The powers of the "Church" were also exercised by Noah, as is evident in Genesis 8:20. Palmer gives the view which should be commonly held by all Protestants in the Reformation heritage:

"Was not the first act of Noah, in coming forth from the ark, the resumption of the patriarchal prerogative in offering burnt sacrifices for himself and for his household?"
This rhetorical question really requires no thought. Clearly no such sacrifices are the prerogative of the "Church" in our day, and even if they were, the New Covenant specifically gives priestly authority to every believer (I Peter 2:9) in fulfillment of the promises of God (Exodus 19:5-6; Isaiah 61:6).

It is clear that for the first 2500 years of human history no "State" or "Church" (as a non-familial "institution") was required by God. When did the "State" arise? When was the "Church" "instituted"? What was the source of government in a society without these "institutions?" How would necessary social functions be provided without a "Church" or "State" in our day? These are questions we hope to answer as we progress through the Scriptures.

That social functions can be provided best by the Family is becoming increasingly clear. The works of Edward Banfield and George Gilder have shown in the areas of crime and social delinquency that moral character provided by the Family is what really solves these problems. John Holt and Raymond Moore have argued most persuasively for the Family as the superior educator and provider of Godly values. Others have taken different areas of responsibility and shown that the Family alone can effectively provide a well-governed society. "The government" certainly cannot.

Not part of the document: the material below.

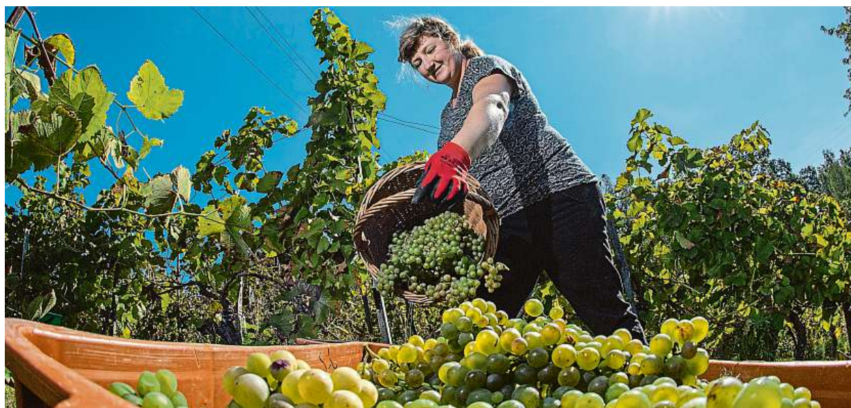
Na vinici v Litoboři na Náchodsku začala sklizeň prvních hroznů letošní úrody.

Od zítřka nová pravidla. Ověřování bezkontaktních plateb nařizuje EU. Chytré telefony. Problémy se jich nedotknou. Další změny. České banky umožní bez potvrzení kódem zaplatit částku do 1250 korun STRANA 4
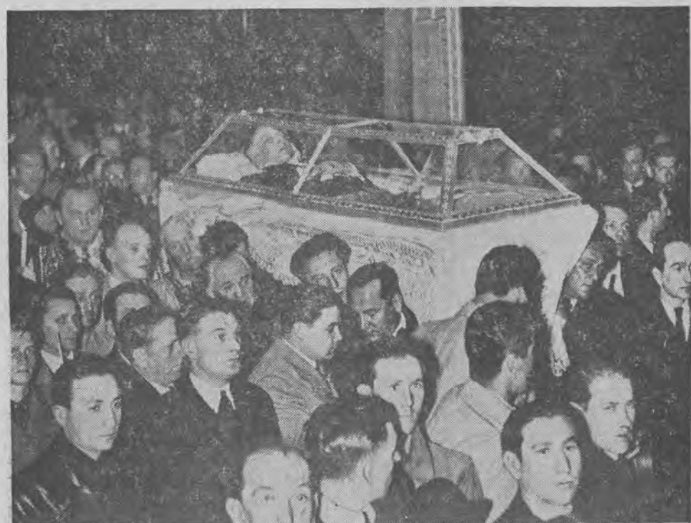
W pogrzebie b. premiera rumuńskiego Gogi wzięły udział olbrzymie tłumy ludności. Na zdjęciu przyjaciele Gogi niosą trumnę na cmentarzu

But we believe a more effective way to argue the case for "Patriarchy" ("Family Rule") is to show the Biblical history of the rise of non-Familial "institutions," and to compare them with the requirements God's Word clearly sets forth for the Family. We believe the Scriptures show the following:

1. The "State" was formed and maintained as an act of rebellion against God's commands for the Family and apostasy from Biblical religion.

2. UnGodly Families in Israel faithlessly asked the LORD for "institutions" like those of the nations around them, which request God granted both as an act of condescension to their Spiritless condition (the basic problem of the Old Covenant (Hebrews 8:7,11)), and in order to teach us through the judgments of chastisement that were to follow such a departure from God's principles of Family government.

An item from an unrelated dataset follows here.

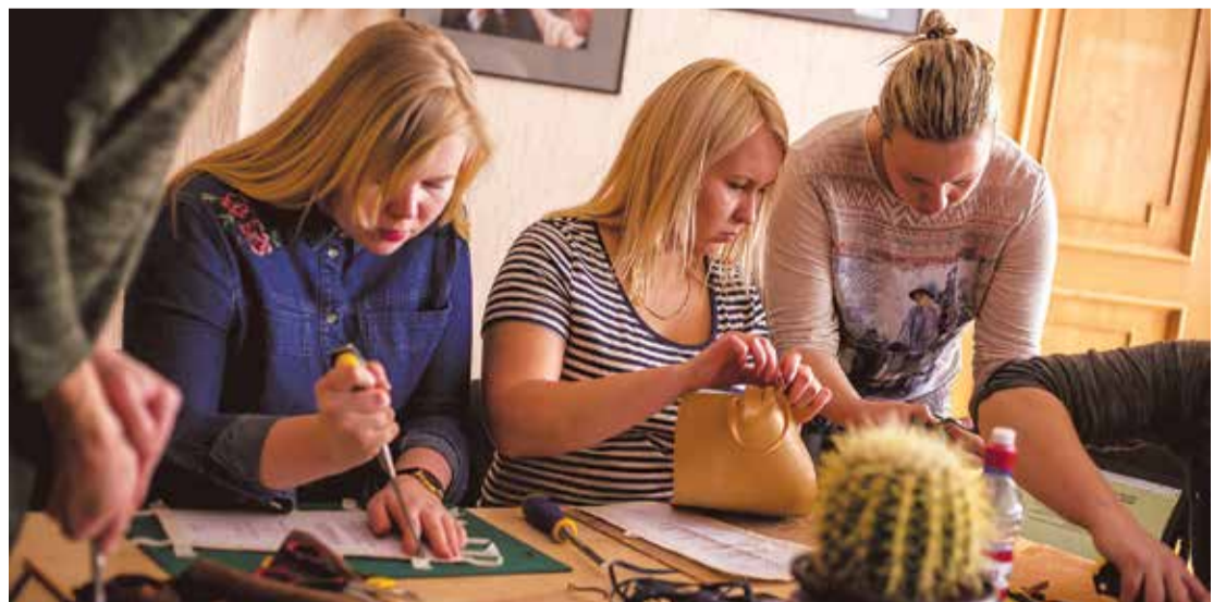
Aizraujošās pastalu darināšanas nodarbības.

3. Godly government is possible without such "institutions" as "State" or "church."

4. Godly government is prophesied to come about by eliminating the demand for such "institutions."

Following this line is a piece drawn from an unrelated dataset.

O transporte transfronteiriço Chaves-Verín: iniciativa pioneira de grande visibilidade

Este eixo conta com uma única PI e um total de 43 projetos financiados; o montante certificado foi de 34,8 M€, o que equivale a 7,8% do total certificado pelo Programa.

Why, This is just Anarchism!

The reader should expunge the word "anarchy" from his vocabulary. There is no such thing. It supposedly means "without rule," but there can be anarchy only without people!

We might speak of the disorder that would ensue if a society of greedy, covetous, hateful people all tried to rule others according to their own selfish law. But the situation here is too much rule and too many Humanistic rulers (Proverbs 28:2). This is a "society" of would-be gods and Godless rulers.

There is always an "archy." Somebody is going to rule. Either the Spirit of God rules through Godly Families according to God's Law ("Patriarchy"), or one or more men will rule according to their own law ("monarchy," "oligarchy," or other forms of totalitarianism, state socialism, or clan despotism). If the Spirit rules, men are obedient and responsible, walking after the Spirit, and not the flesh; the justice commanded in God's Law is fulfilled in the lives of these people (Genesis 18:19; Romans 8:4). Then there is liberty (2 Corinthians 3:17) and true, Godly authority (I Corinthians 8:9, where the word "liberty" can also be translated "authority" (Matthew 28:28)). When Christ rules through His Word and Spirit, human "rule" and "authority" are replaced by service (Luke 22:24-30).

But we need to compare and contrast Humanistic Patriarchy and Biblical Anarchy; this will be done in the next essay.